[DATA EXCERPTS Boundary: Start]

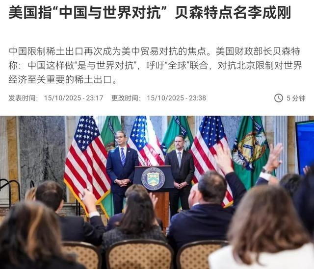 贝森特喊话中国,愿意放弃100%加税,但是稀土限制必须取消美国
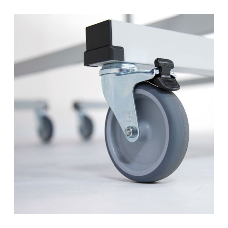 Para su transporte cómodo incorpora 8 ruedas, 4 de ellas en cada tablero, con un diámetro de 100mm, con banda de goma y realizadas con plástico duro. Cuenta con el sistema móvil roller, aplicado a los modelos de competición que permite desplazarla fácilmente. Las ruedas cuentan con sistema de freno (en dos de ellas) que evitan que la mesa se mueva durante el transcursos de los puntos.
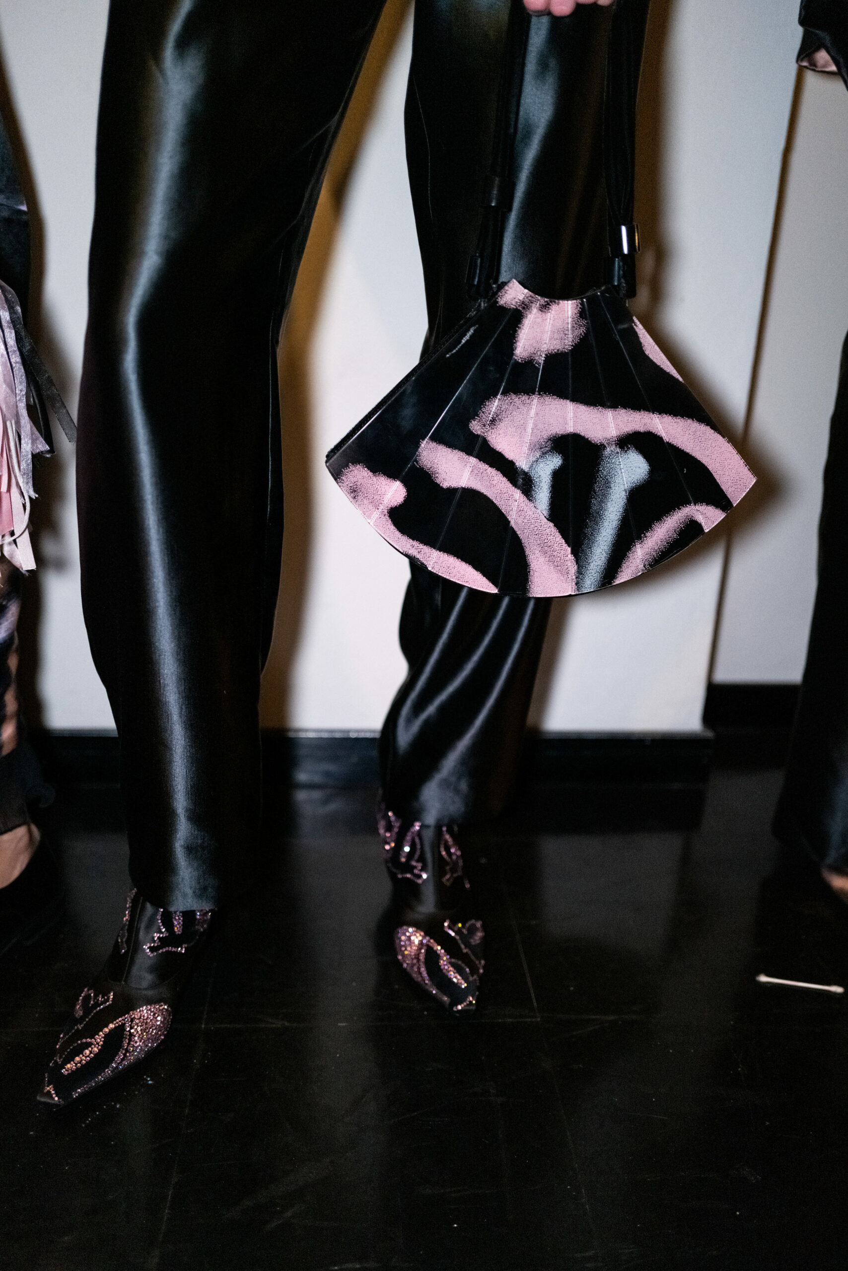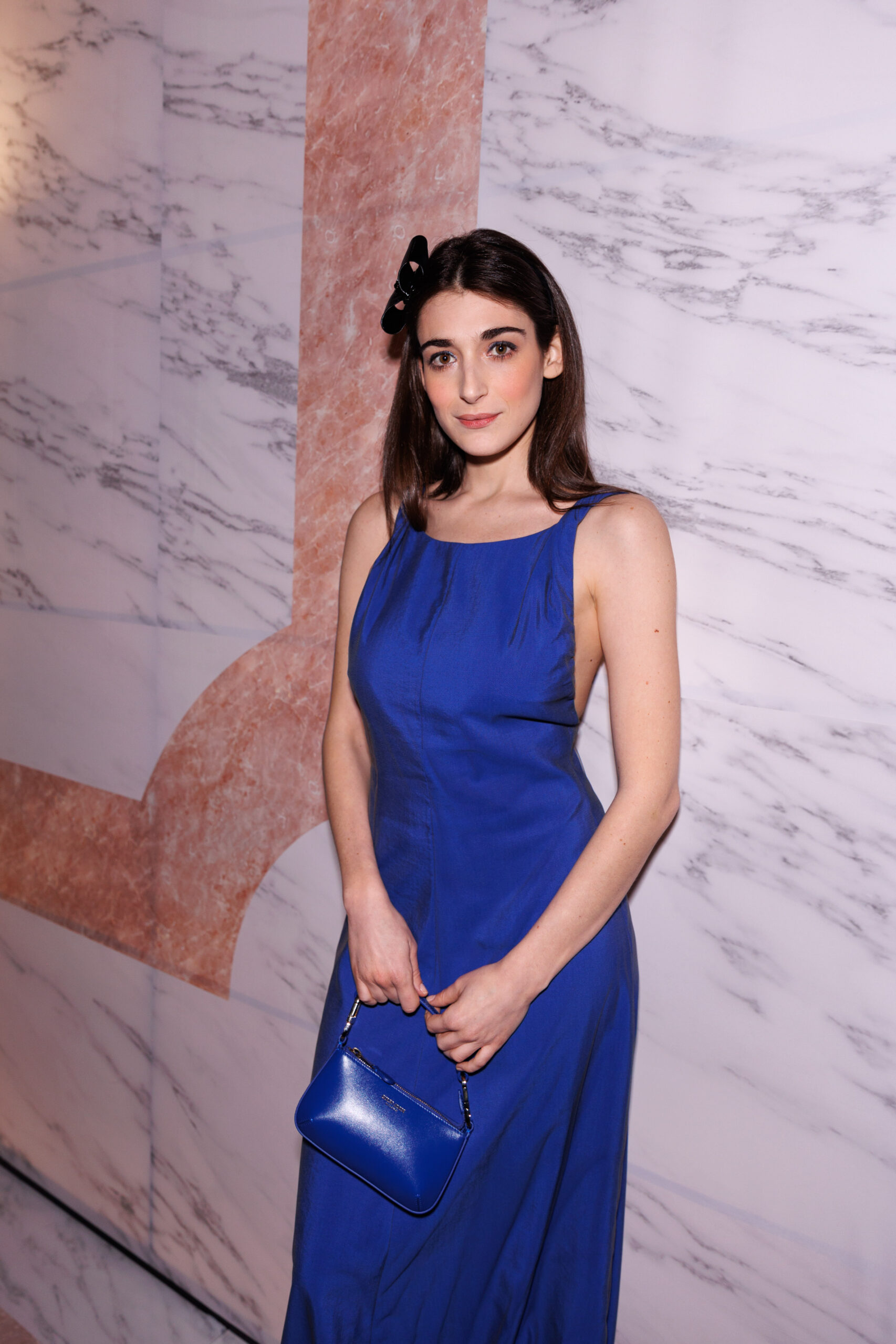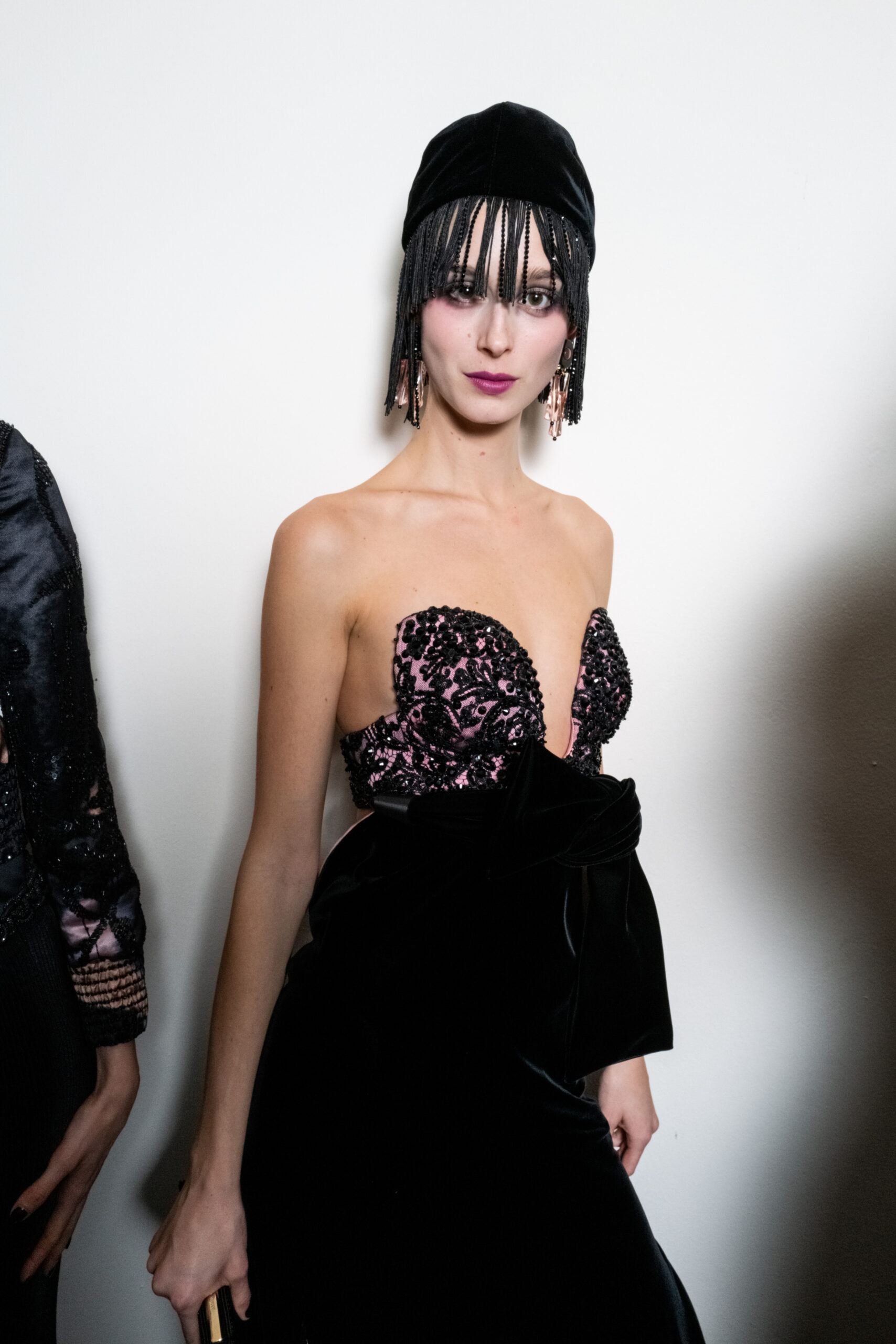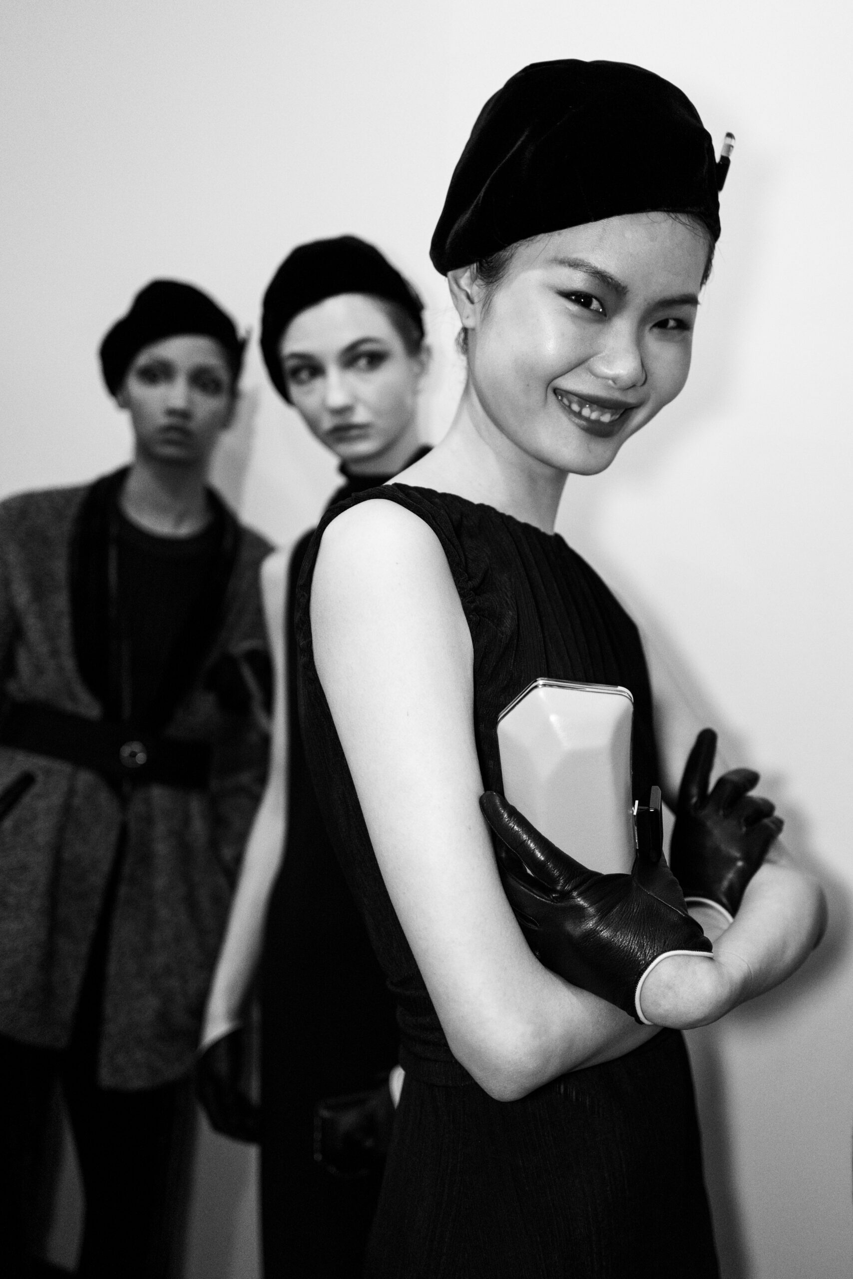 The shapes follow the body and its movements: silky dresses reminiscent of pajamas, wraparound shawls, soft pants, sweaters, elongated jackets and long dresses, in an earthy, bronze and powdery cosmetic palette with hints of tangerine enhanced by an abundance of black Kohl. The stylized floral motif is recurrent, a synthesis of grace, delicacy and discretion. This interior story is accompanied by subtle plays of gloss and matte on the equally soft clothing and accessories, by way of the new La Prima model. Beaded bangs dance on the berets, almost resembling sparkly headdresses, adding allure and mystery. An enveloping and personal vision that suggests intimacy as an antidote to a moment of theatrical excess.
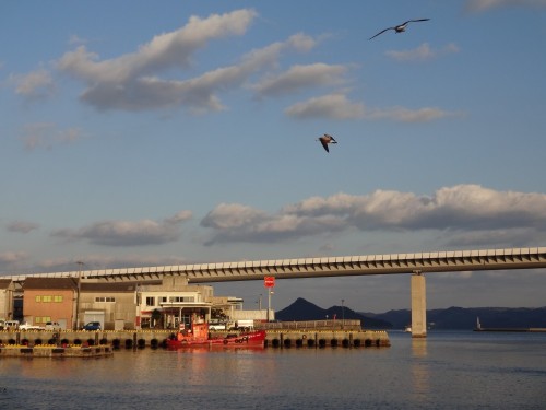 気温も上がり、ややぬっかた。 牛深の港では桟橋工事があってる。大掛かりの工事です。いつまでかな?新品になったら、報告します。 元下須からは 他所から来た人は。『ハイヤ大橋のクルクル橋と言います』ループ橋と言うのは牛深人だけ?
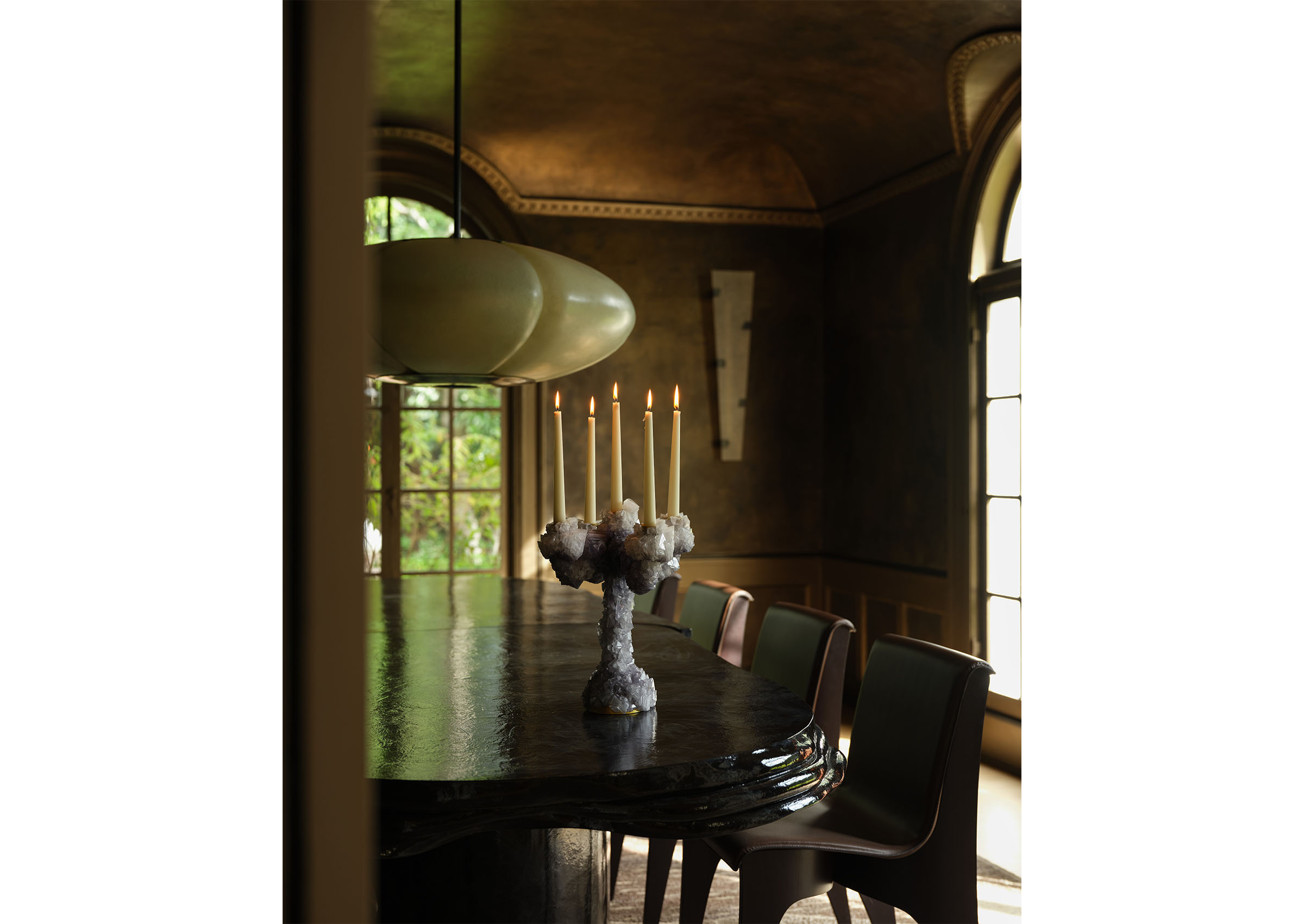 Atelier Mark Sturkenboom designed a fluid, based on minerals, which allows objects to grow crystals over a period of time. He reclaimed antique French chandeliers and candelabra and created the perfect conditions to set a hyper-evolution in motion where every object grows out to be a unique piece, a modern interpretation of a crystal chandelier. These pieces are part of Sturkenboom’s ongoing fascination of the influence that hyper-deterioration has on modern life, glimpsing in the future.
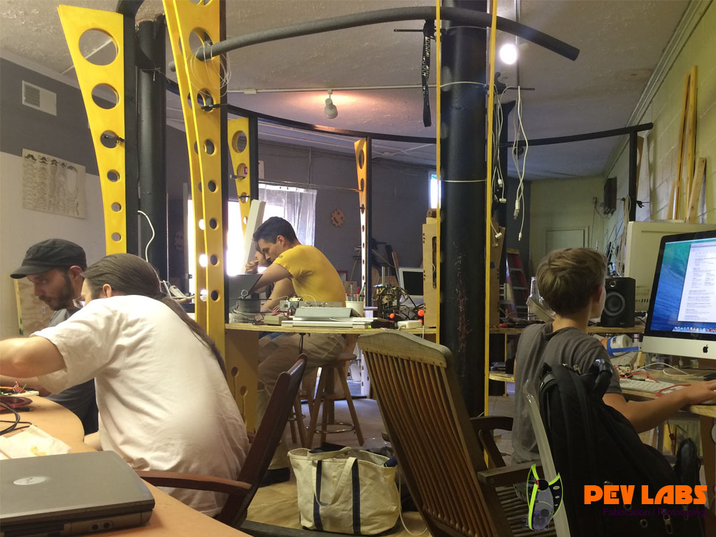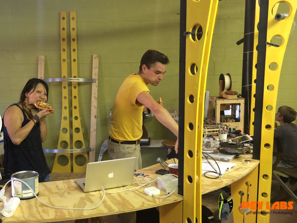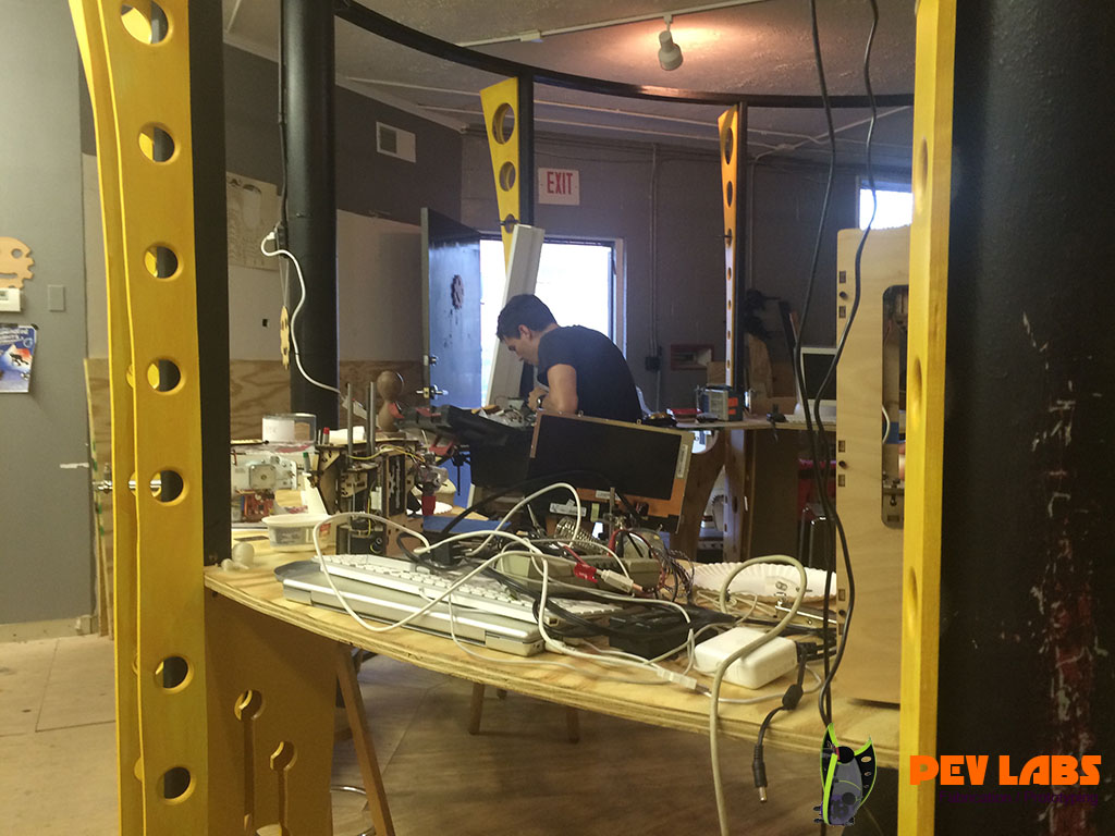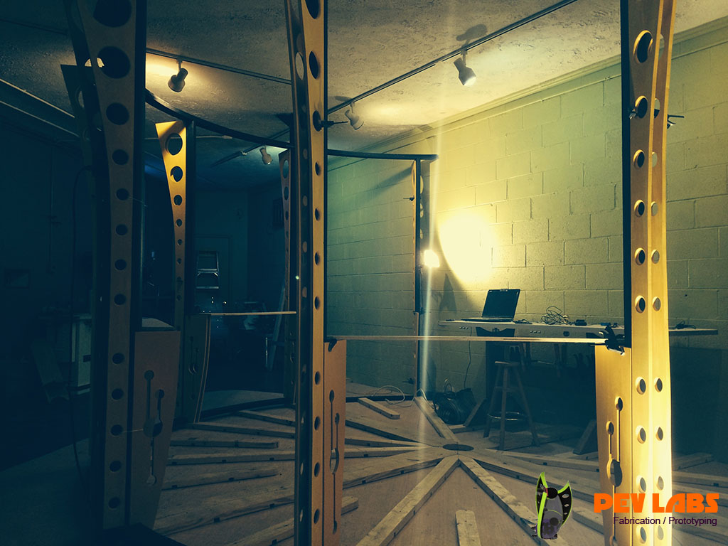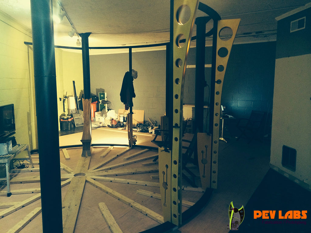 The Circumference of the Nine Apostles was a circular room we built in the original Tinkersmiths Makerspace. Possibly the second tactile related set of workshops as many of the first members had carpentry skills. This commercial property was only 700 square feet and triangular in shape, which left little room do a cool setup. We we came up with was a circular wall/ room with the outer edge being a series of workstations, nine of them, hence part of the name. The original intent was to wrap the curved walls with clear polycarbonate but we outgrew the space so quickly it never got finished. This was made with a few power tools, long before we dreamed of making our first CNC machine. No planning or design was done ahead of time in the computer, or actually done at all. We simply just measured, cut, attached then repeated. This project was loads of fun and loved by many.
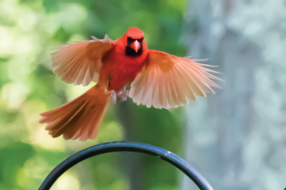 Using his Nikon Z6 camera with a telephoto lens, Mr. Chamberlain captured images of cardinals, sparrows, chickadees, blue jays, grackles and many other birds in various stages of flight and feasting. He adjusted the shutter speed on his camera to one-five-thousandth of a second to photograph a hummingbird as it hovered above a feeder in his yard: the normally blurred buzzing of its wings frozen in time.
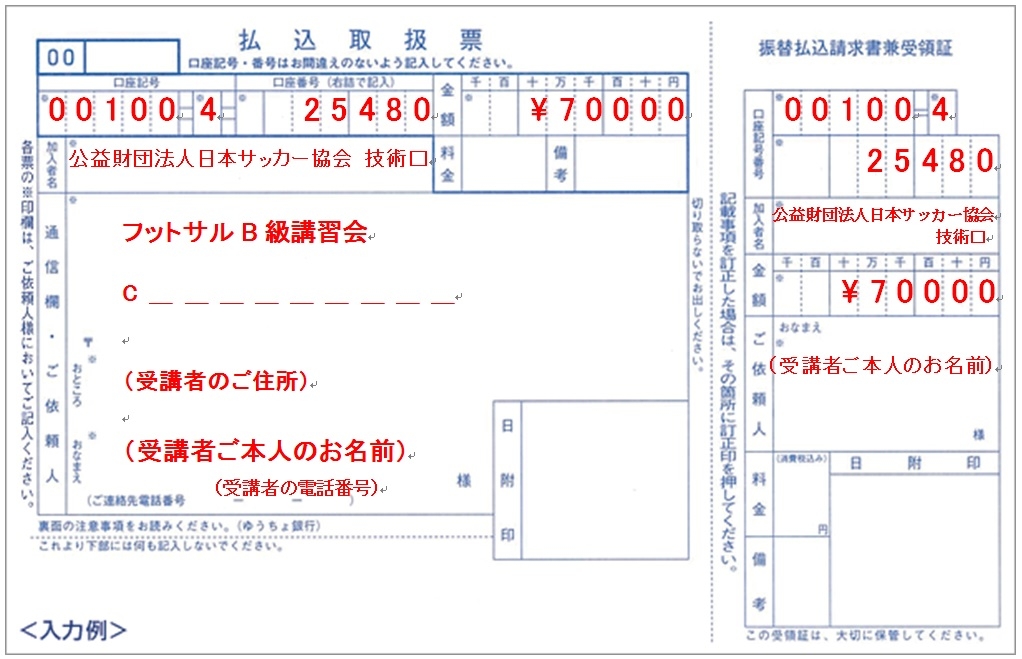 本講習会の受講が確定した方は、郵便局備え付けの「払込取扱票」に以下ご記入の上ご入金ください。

[DATA EXCERPTS Boundary: End]

Look above for the line containing "The shapes follow" and the line containing "Atelier Mark Sturkenboom", then reproduce both and everything between them exactly, pictures omitted.

 The shapes follow the body and its movements: silky dresses reminiscent of pajamas, wraparound shawls, soft pants, sweaters, elongated jackets and long dresses, in an earthy, bronze and powdery cosmetic palette with hints of tangerine enhanced by an abundance of black Kohl. The stylized floral motif is recurrent, a synthesis of grace, delicacy and discretion. This interior story is accompanied by subtle plays of gloss and matte on the equally soft clothing and accessories, by way of the new La Prima model. Beaded bangs dance on the berets, almost resembling sparkly headdresses, adding allure and mystery. An enveloping and personal vision that suggests intimacy as an antidote to a moment of theatrical excess.
 気温も上がり、ややぬっかた。 牛深の港では桟橋工事があってる。大掛かりの工事です。いつまでかな?新品になったら、報告します。 元下須からは 他所から来た人は。『ハイヤ大橋のクルクル橋と言います』ループ橋と言うのは牛深人だけ?
 Atelier Mark Sturkenboom designed a fluid, based on minerals, which allows objects to grow crystals over a period of time. He reclaimed antique French chandeliers and candelabra and created the perfect conditions to set a hyper-evolution in motion where every object grows out to be a unique piece, a modern interpretation of a crystal chandelier. These pieces are part of Sturkenboom’s ongoing fascination of the influence that hyper-deterioration has on modern life, glimpsing in the future.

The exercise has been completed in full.